Background technique
The basic structure of polaroid includes intermediate PVA and two layers of TAC, and in liquid crystal display manufacturing field, polaroid is
The fundamental parts of liquid crystal display, when attaching liquid crystal display, the front and back sides of polaroid are difficult to judge polaroid by naked eyes,
Waste of material is be easy to cause in engineering process, working efficiency is low.

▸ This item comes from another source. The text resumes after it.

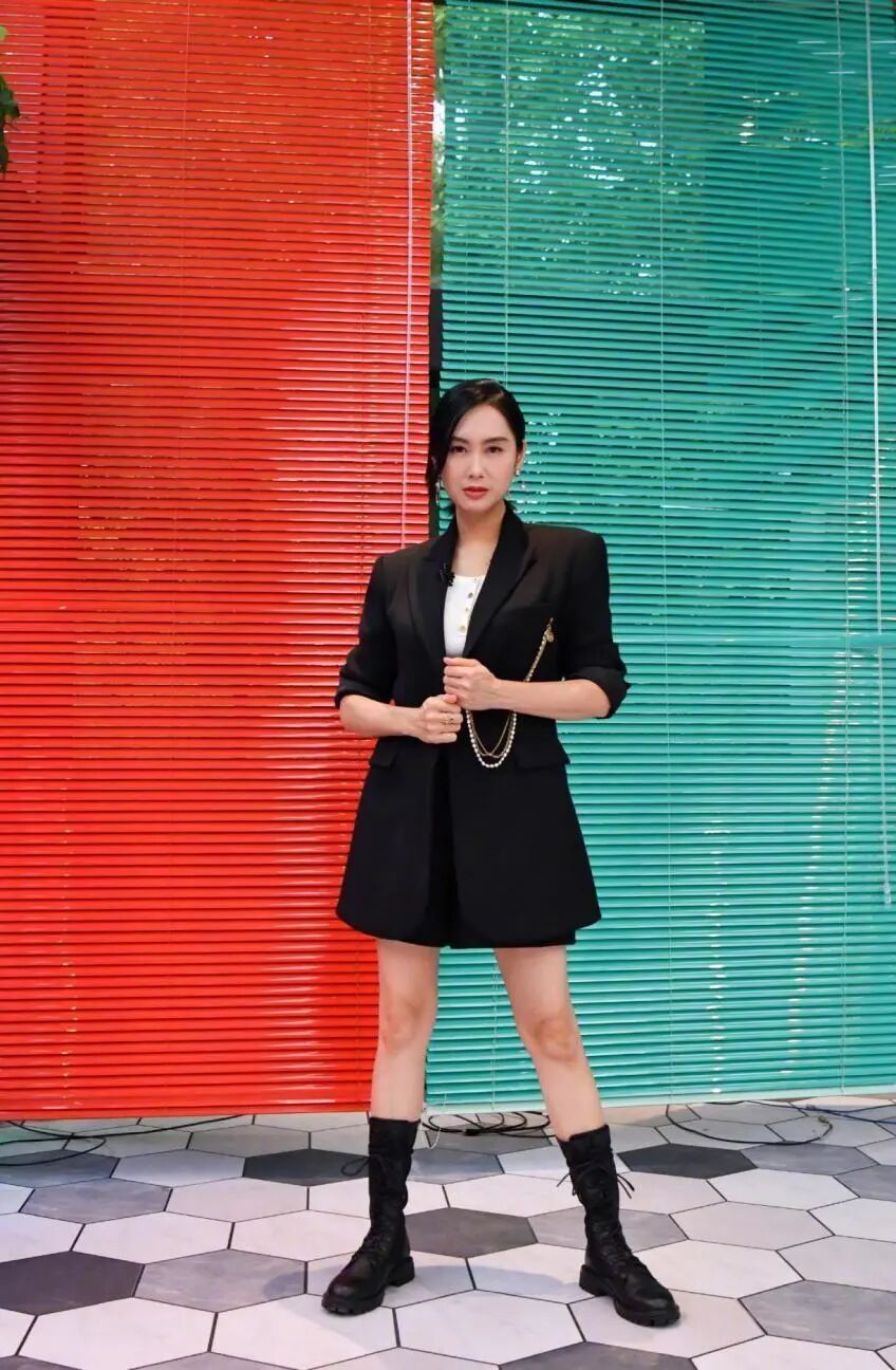 這裡需要注意的是,上半身的西裝款式一定要進行墊肩處理,讓肩膀處挺立起來,短褲的款式也儘量不要貼合大腿,選擇寬鬆款式,這樣會更加顯瘦,和靴子進行搭配的時候也會更加的契合,整個上寬下緊的搭配方式帶來更大的視覺反差。

Currently, needing a kind of simple, convenient, efficient detection method in polaroid axial direction context of detection.
Summary of the invention
To overcome disadvantages mentioned above, the purpose of the present invention is to provide crystal balls to survey axial method, can simple, efficient detection
The axial direction of polaroid.
In order to reach the goals above, the technical solution adopted by the present invention is that: crystal ball surveys axial method, including following step
It is rapid:
Step S1: setting backlight station, crystal ball station and polaroid station, the backlight station are equipped with backlight, institute
Crystal ball station is stated equipped with crystal ball, the polaroid station is equipped with polaroid;
Step S2: the polaroid station is set to above the backlight station, and the polaroid is located at the backlight
Upper surface;
Step S3: the crystal ball station is set to above the polaroid station, and the crystal ball is located at the polaroid
Upper surface;
Step S4: observing inside the crystal ball, has aperture inside the crystal ball, has camber line in the aperture;
Step S5: by the camber line display direction in the aperture, judge polaroid axial direction, camber line direction is polarisation
Piece is axial;
When the camber line points up, then polaroid is axial above;When the camber line is downwardly directed, the polarisation bobbin
To in lower section;When the camber line is directed toward the left side, then polaroid is axial on the left side, when being axially directed to the right, then axial on the right side
Side.
Further, the crystal ball diameter range is 3 centimetres to 8 centimetres, and optimum value is 5 centimetres.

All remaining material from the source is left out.